Templates in the catalogue today carry numbered variables — {{1}}, {{2}}, and so on. You supply their values through components. Each component names a type (header, body, or button) and a parameters array; each parameter is { "type": "text", "text": "..." }, applied in order (the first parameter fills {{1}}). Only text parameters are supported today.
For example, a one-time-passcode template whose body reads {{1}} is your verification code and whose button copies the code takes the code as both a body parameter and a button parameter:
Code example
{
  "components": [
    { "type": "body", "parameters": [{ "type": "text", "text": "481920" }] },
    { "type": "button", "parameters": [{ "type": "text", "text": "481920" }] }
  ]
}

Category and sender

Category and sender are properties of the template, not of the send. A template's category — authentication, utility, or marketing — determines how WhatsApp treats the message, which sender number Bird uses, and, together with the destination country, what the message costs. There is no from field on the request.

Field reference

FieldTypeRequiredLimits / notes
tostring (E.164)yesOne recipient per message
template.namestringyesAn approved template name; lowercase letters, digits, and underscores
template.languagestringno*Template language tag (e.g. en, pt_BR); omit for single-language templates
template.componentsarraynoFills {{n}} variables; component type is header, body, or button
* language is optional only when the template has a single language.

What isn't supported yet

The request accepts to and template and nothing else. The following are part of the roadmap but rejected today — a request that includes them fails with a 422:
  • Free-text (non-template) sends — WhatsApp sends are template-only in this release.
  • Non-text parameters — media, location, and other parameter types are reserved; only text is supported.
  • tags and metadata — not accepted on a WhatsApp send.
  • Batch sending — there is no /v1/whatsapp/batches; send one message per call.
  • Recipients without a phone number — a WhatsApp-ID-only recipient is rejected before any charge.

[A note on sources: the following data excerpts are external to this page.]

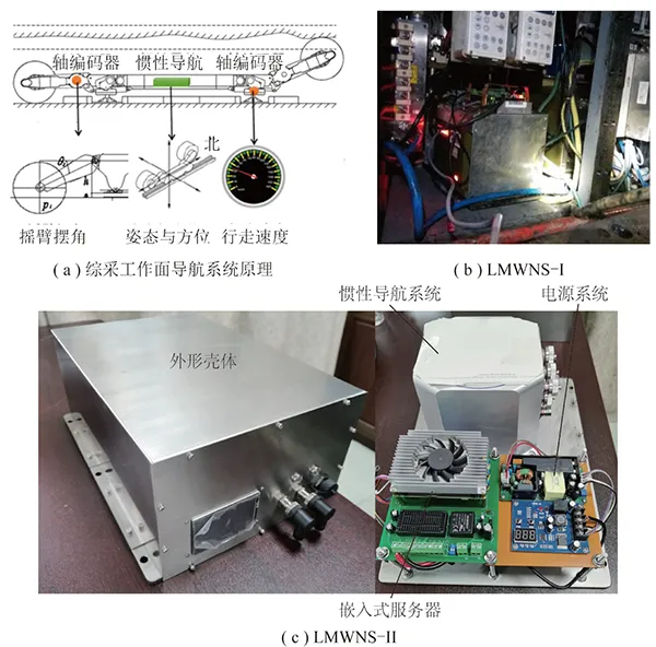 長(zhǎng)壁綜采工作面導(dǎo)航系統(tǒng)基本原理是,利用安裝于采煤機(jī)機(jī)身的具有自動(dòng)尋北功能的慣性導(dǎo)航裝置測(cè)量采煤機(jī)機(jī)身的運(yùn)行方位與姿態(tài)、采煤機(jī)行走部軸編碼器和截割部軸編碼器測(cè)量的行走距離和搖臂擺角,通過(guò)相關(guān)算法實(shí)現(xiàn)采煤機(jī)在工作面煤層中的定位,獲得采煤機(jī)的運(yùn)行軌跡和截割軌跡。LMWNS-II由慣性導(dǎo)航系統(tǒng)、嵌入式服務(wù)器和電源系統(tǒng)構(gòu)成。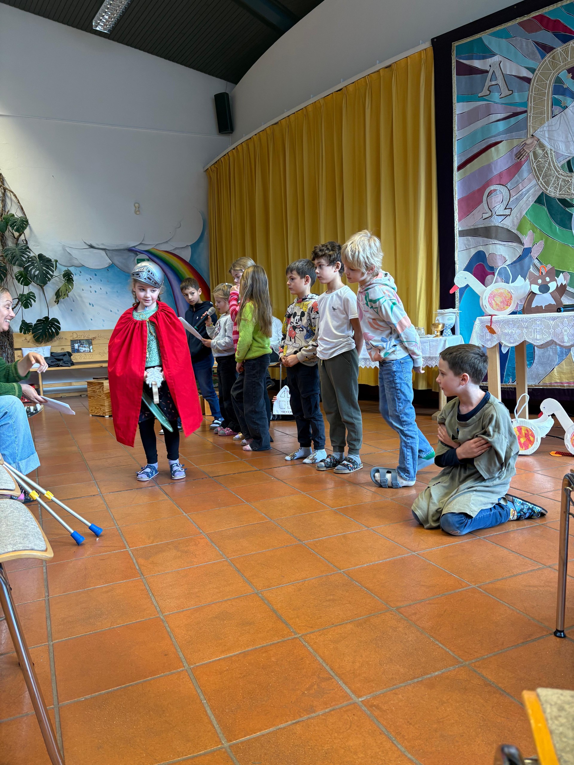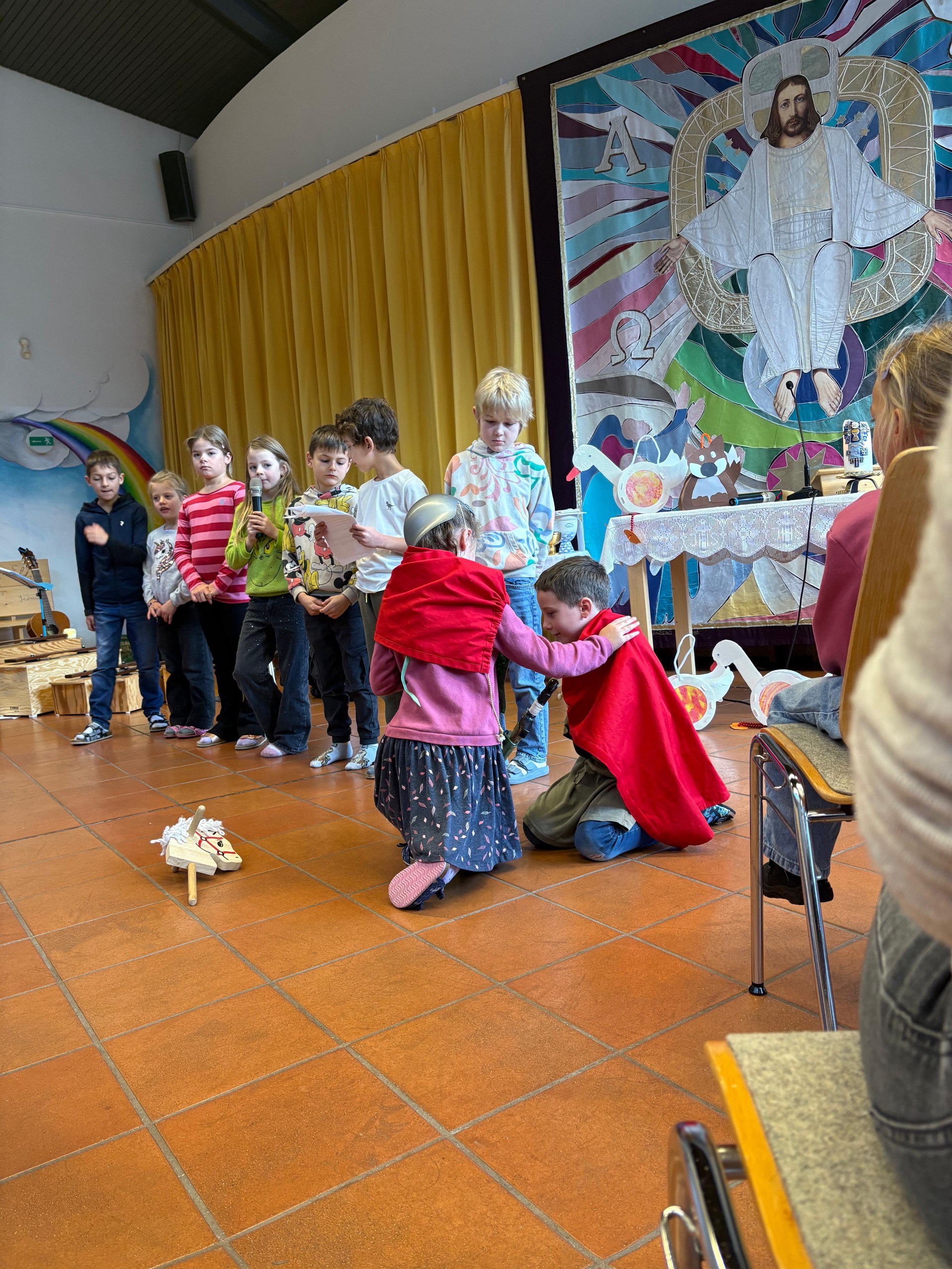 Die Volksschüler haben mit einem Rollenspiel gezeigt, dass Teilen die Welt wärmer macht. Denn auch kleine Dinge – wie jemandem helfen oder freundlich sein – können viel bewirken. Das einstudierte Rollenspiel mit Gedicht zur Geschichte des Heiligen Martin wurde von den Kindern der 1. und 2. Stufe toll nachgespielt.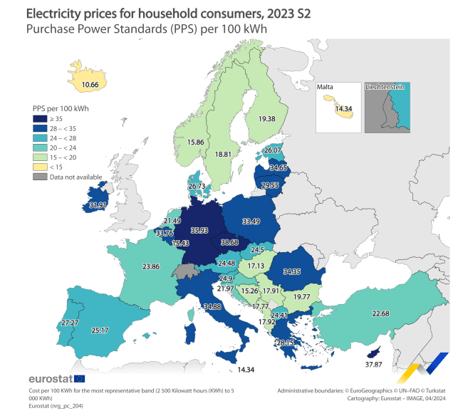 2023’ün ikinci yarısında ev tüketicilerine yönelik elektrik fiyatları, mevcut ülkeleri altı kategoride gruplandıran satın alma gücü standardında (PPS) sunulmaktadır; elektrik fiyat kategorileri 100 KWh başına 35 PPS’den 100 KWh başına 15 PPS’nin altına kadar değişmektedir. Tüketicinin üzerindeki nihai yük ise kendi tüketimine bağlıdır. PPS bazında elektrik fiyatları en yüksek Çek Cumhuriyeti’nde (38,7) ve Güney Kıbrıs’ta (37,9) görüldü. Satın alma gücü standardına göre en düşük elektrik fiyatları ise Malta (14,3) ve Lüksemburg’da (15,4) görüldü.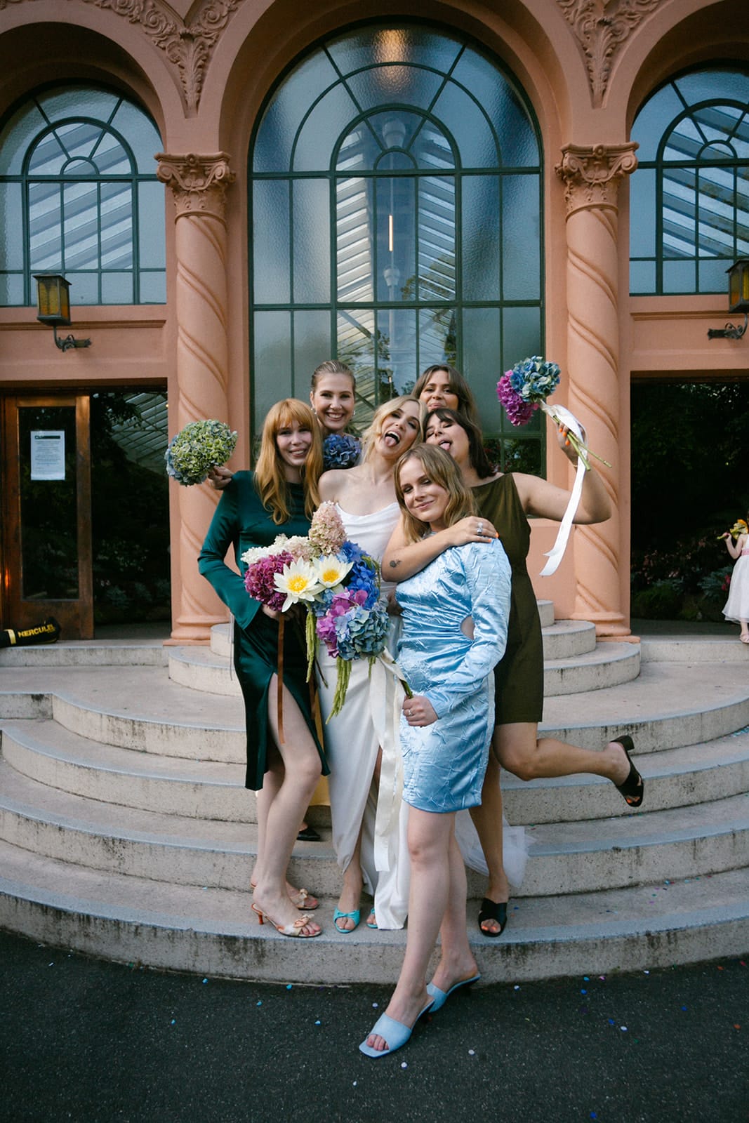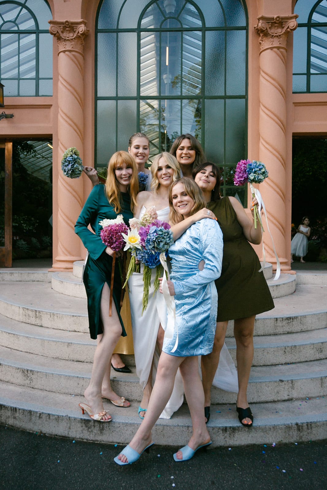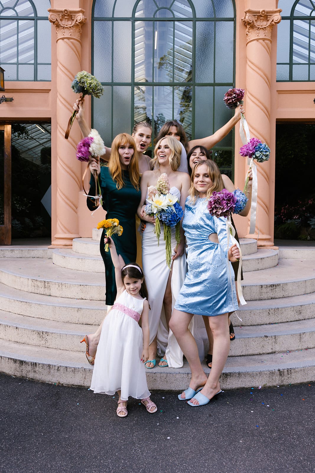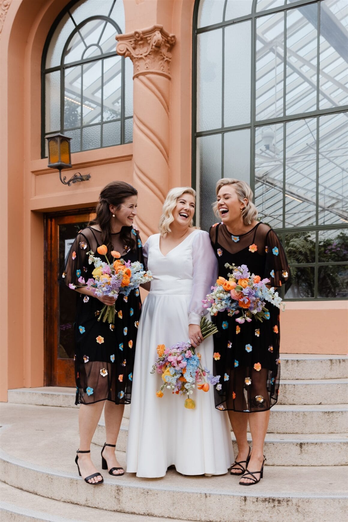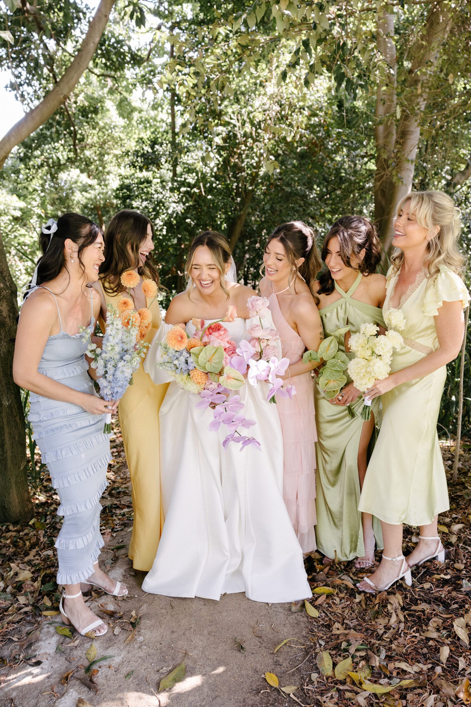 “I loved the idea of introducing colour and fun through the flowers and outfits,” Hannah told us. “My bridesmaids wore Gorman, which I love for their hectic prints and colours, and Ross at Bloom Boy really nailed the colourful whimsical vibe I was going for on the flowers.”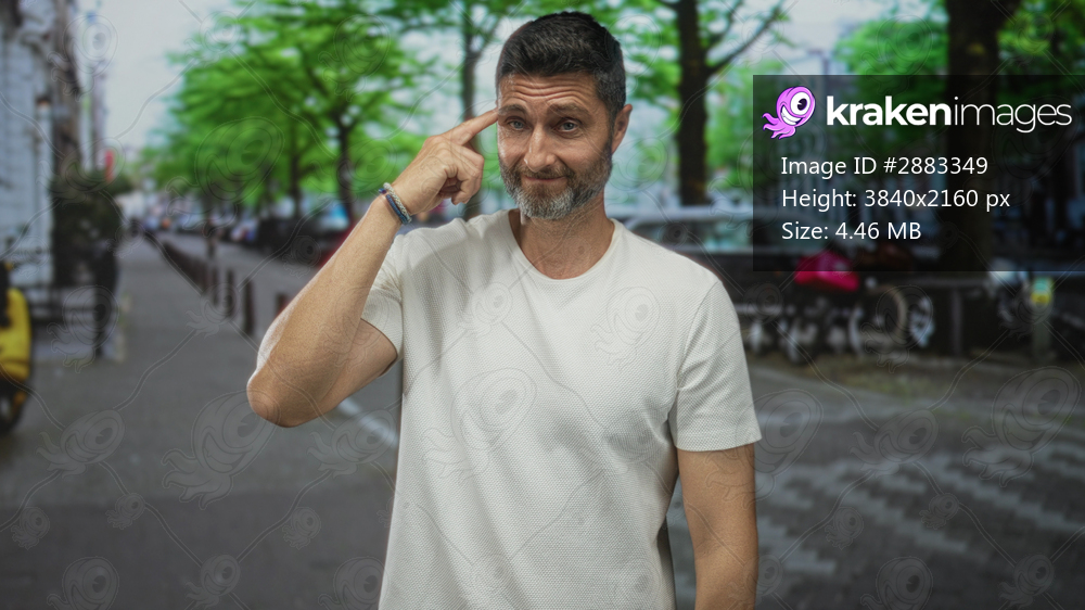 Man points finger to temple on a leafy city street, wearing white tee, subtle smirk and closed eyes, standing by parked bicycles and trees; amused.

The async model: what 202 means

A successful send returns 202 Accepted with a message ID and status: accepted. The 202 is returned only after the send is durably accepted — it is never accepted and then silently dropped. Hard failures you can fix (an invalid recipient, an unknown template, a missing variable) fail immediately with a 422; a send that would exceed your workspace balance, or a route with no price, is rejected before anything is charged. Actual delivery happens asynchronously: the message moves to sent when Bird hands it to WhatsApp, then to a terminal status (delivered or failed) when the receipt arrives, reported through events, webhooks, and the read endpoints. A read receipt is surfaced separately as a read_at timestamp and a whatsapp.read event, not as a status.

Cost and billing

Billing — Bird charges for a WhatsApp message when it is sent, regardless of whether it is ultimately delivered. The price depends on the destination country and the template's category; see WhatsApp pricing.
WhatsApp is priced per message, keyed on the template's category and the recipient's country. Bird charges your wallet up-front, when it accepts and processes the send — before the message is dispatched to WhatsApp — and the charge stands whether or not the message is later delivered. If the route has no price or your balance is insufficient, the send is rejected with an error and nothing is charged.

Retrying safely

Send the Idempotency-Key header with a unique value per logical send, and retries become safe: if your first request succeeded but you never saw the response (timeout, dropped connection), replaying the same request with the same key returns the original result — and the response carries an Idempotency-Replay header — instead of sending, and charging for, a duplicate message. See idempotency for key format and retention.